Contract theorists Oliver Hart and Bengt Holmström win Nobel prize

10 Oct 2016

Nobel prize. Image: Vladislav Gajic

Decades of work on contract theory have helped Oliver Hart and Bengt Holmström win the 2016 Nobel prize for economics.

The latest* Nobel prize winners has been announced, with England’s Oliver Hart and Finland’s Bengt Holmström taking the honours in the economics field, which enjoys a longer name of the ‘Sveriges Riksbank Prize in Economic Sciences in Memory of Alfred Nobel’.

The duo shared the prize “for their contributions to contract theory”, with theorising dating back to the 1970s (Holmström) and 1980s (Hart) underpinning this year’s commendation.

Nobel prize

“I woke at about 4.40am and was wondering whether it was getting too late for it to be this year, but then fortunately the phone rang,” said Hart on hearing the news.

“My first action was to hug my wife, wake up my younger son … and I actually spoke to my fellow laureate,” he said.

Holmström first looked at the forging of contracts that related to work unseen by those in charge, discussing incentivised contracts as a way of ensuring behaviour that is beneficial to the company.

Hart’s look at ‘incomplete contracts’ highlighted how impossible it is to plan for every single eventuality, shedding new light on ownership, control and responsibility.

The Nobel Prize medal, front and back. Image: The Nobel Foundation/Lovisa Engblom

The Nobel Prize medal, front and back. Image: The Nobel Foundation/Lovisa Engblom

Through their initial contributions, Hart and Holmström launched contract theory as a fertile field of basic research, according to the Nobel Foundation.

“Over the last few decades, they have also explored many of its applications,” it said when announcing the winners.

“Their analysis of optimal contractual arrangements lays an intellectual foundation for designing policies and institutions in many areas, from bankruptcy legislation to political constitutions.”
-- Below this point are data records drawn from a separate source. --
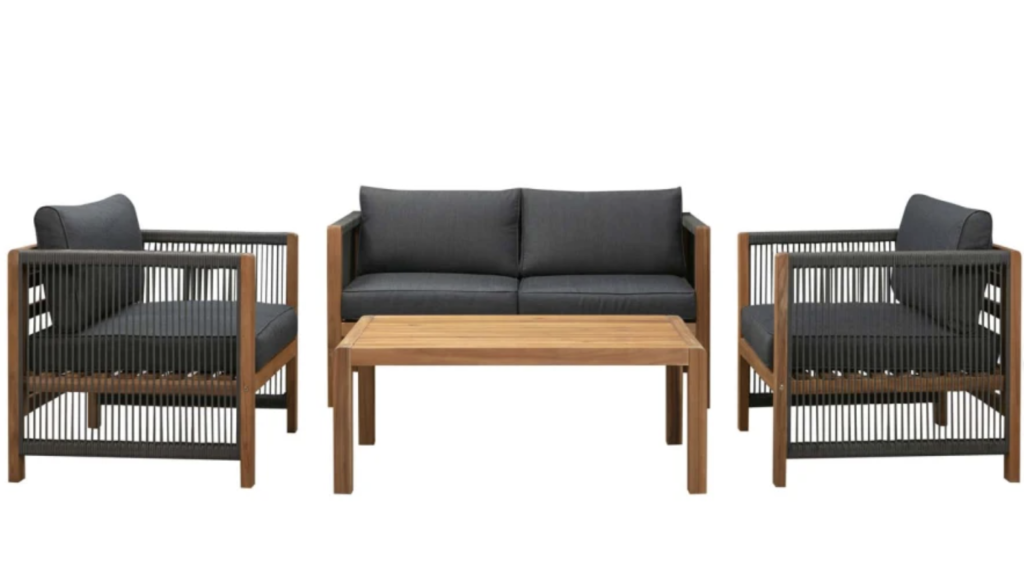 Fabricado en madera maciza de acacia con certificación´+on FSC y diseñado con un distintivo entramado vertical de cuerda de seis milímetros, combina estilo y funcionalidad. Almohadones tapizados en tela Spunpoly de 230 gramos con fundas desmontables, diseñada para uso exterior, garantizando durabilidad y resistencia a la decoloración por rayos UV. El set incluye un sofá de dos cuerpos, dos butacas y una mesa central.
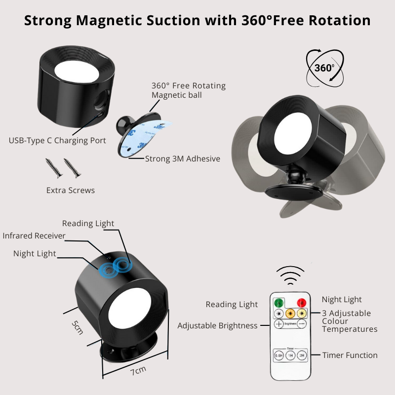 - The LED Wall Lamp connects to the wall mount with a 360° rotating magnetic ball that allows you to rotate the direction of the light source according to your needs
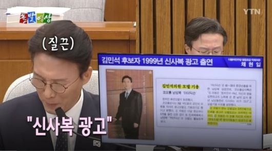 김민석 국무총리 후보자가 지난 24일 국회 인사청문회에서 26년 전 신사복 광고 모델에 관한 질의를 받자 두 눈을 질끈 감고 있다. 〈사진=유튜브 YTN 시사 캡처〉 |
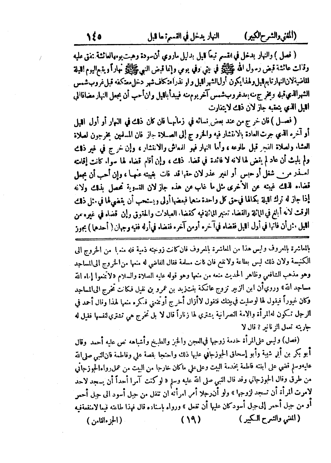 بالمعاشرة بالمعروف وليس هذا من المعاشرة بالمعروف فإن كانت زوجته ذمية فله منعها من الخروج إلى الكنيسة ولأن ذلك ليس بطاعة ولا نفع فإن كانت مسلمة فقال القاضي له منعها من الخروج إلى المساجد وهو مذهب الشافعي وظاهر الحديث منعه من منعها وهو قوله عليه الصلاة والسلام " لا تمنعوا إماء الله مساجد الله " وروي أن ابن الزبير تزوج عاتكة بنت زيد بن عمرو بن نفيل فكانت تخرج الى المساجد وكان غيوراً فيقول لها لو صليت في بيتك فتقول لا أزال أخرج أو تمنعني فكره منعها لهذا وقال أحمد في الرجل تكون له المرأة والأمة النصرانية يشتري لها زناراً قال لا بل تخرج هي تشتري لنفسها فقيل له جاريته تعمل الزنانير؟ قال لا (فصل) وليس على المرأة خدمة زوجها في العجن والخبز والطبخ وأشباهه نص عليه أحمد وقال أبو بكر بن أبي شيبة وأبو إسحاق الجوزجاني عليها ذلك واحتجا بقصة علي وفاطمة فإن النبي صلى الله عليه وسلم قضى على ابنته فاطمة بخدمة البيت وعلى على ما كان خارجاً من البيت من عمل رواه الجوزجاني من طرق وقال الجوزجاني وقد قال النبي صلى الله عليه وسلم " لو كنت آمراً أحداً أن يسجد لأحد لأمرت المرأة أن تسجد لزوجها " ولو أن رجلاً أمر امرأته أن تنقل من جبل أسود إلى جبل أحمر أو من جبل أحمر إلى جبل أسود كان عليها أن تفعل " ورواه باسناده قال فهذا طاعته فيما لا منفعة فيه
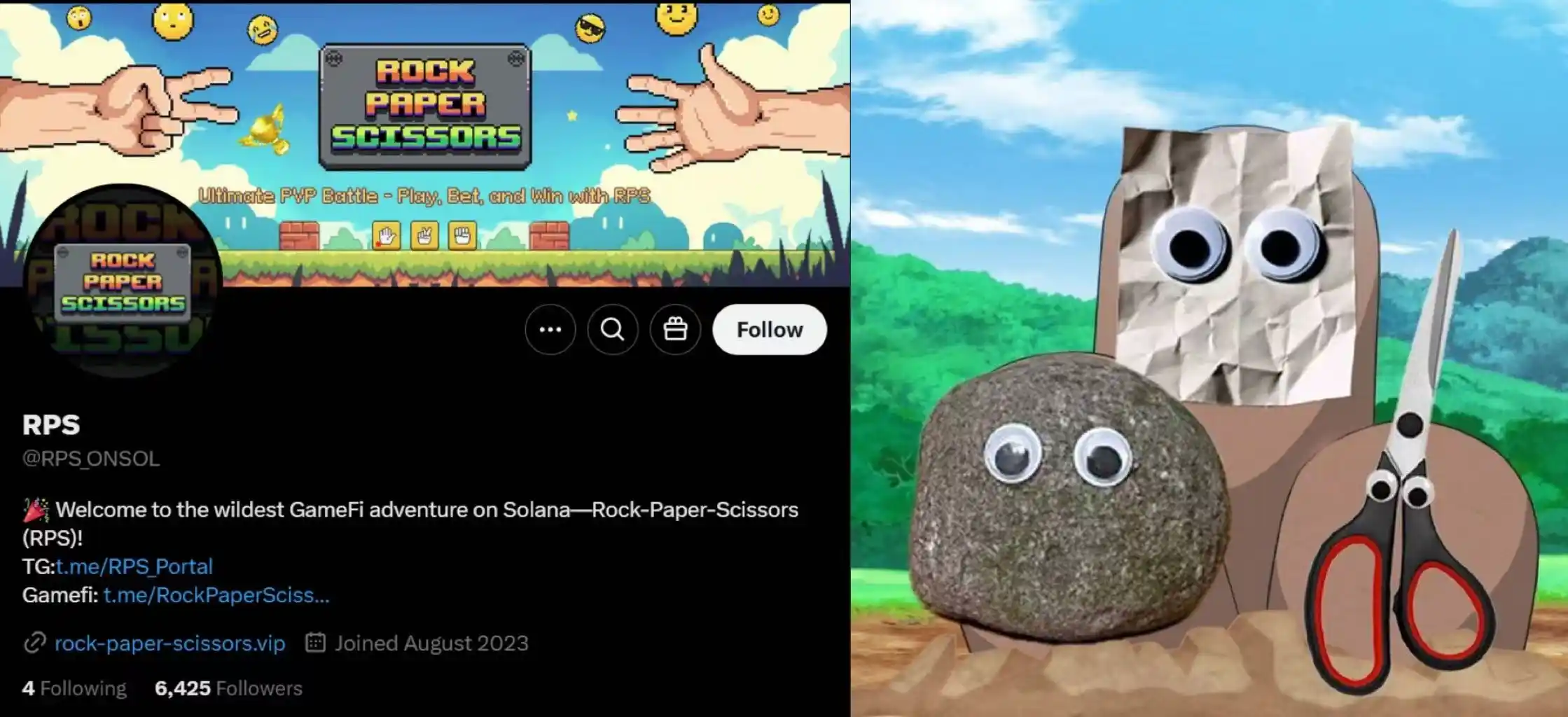 Rps 名字的灵感来自大家熟悉的游戏「石头剪刀布」,也就是 Rocky、Papery、Scissory 的缩写。**属于 Solana 区块链上的一款 PVP(玩家对战玩家)游戏,进入一个**的 GameFi 世界,可以在游戏中和其他玩家对战,边玩边赚,市值五个小时冲击 480M,爆拉 500 倍的涨幅。

The 2016 Nobel Prize winner for physiology or medicine was last week revealed as Yoshinori Ohsumi, for his 1990s work on autophagy, discovering the mechanism behind the process.

Autophagy is the process of ‘self-eating’ that cells go through, destroying their own contents and recycling certain components.

The Nobel Prize for chemistry was awarded to some of the world’s leading researchers for their design and production of molecular machines.

In describing the work of the three Nobel laureates – Jean-Pierre Sauvage, Sir J Fraser Stoddart and Bernard L Feringa – the committee said that their miniaturised machines have “taken chemistry to a new dimension”.

Elsewhere, physicists David J Thouless, F Duncan M Haldane and J Michael Kosterlitz were jointly awarded the Nobel Prize in physics for their efforts in unlocking the secrets of mysterious, exotic matter.

Meanwhile, Colombian President Juan Manuel Santos won the Nobel peace prize last Friday for his efforts to end a 52-year-old war with Marxist guerrillas, the award coming as a surprise to some.

Updated, 2.02pm, 10 October 2016: This article was updated to clarify that the Nobel prize for economics is the latest 2016 award, not the last.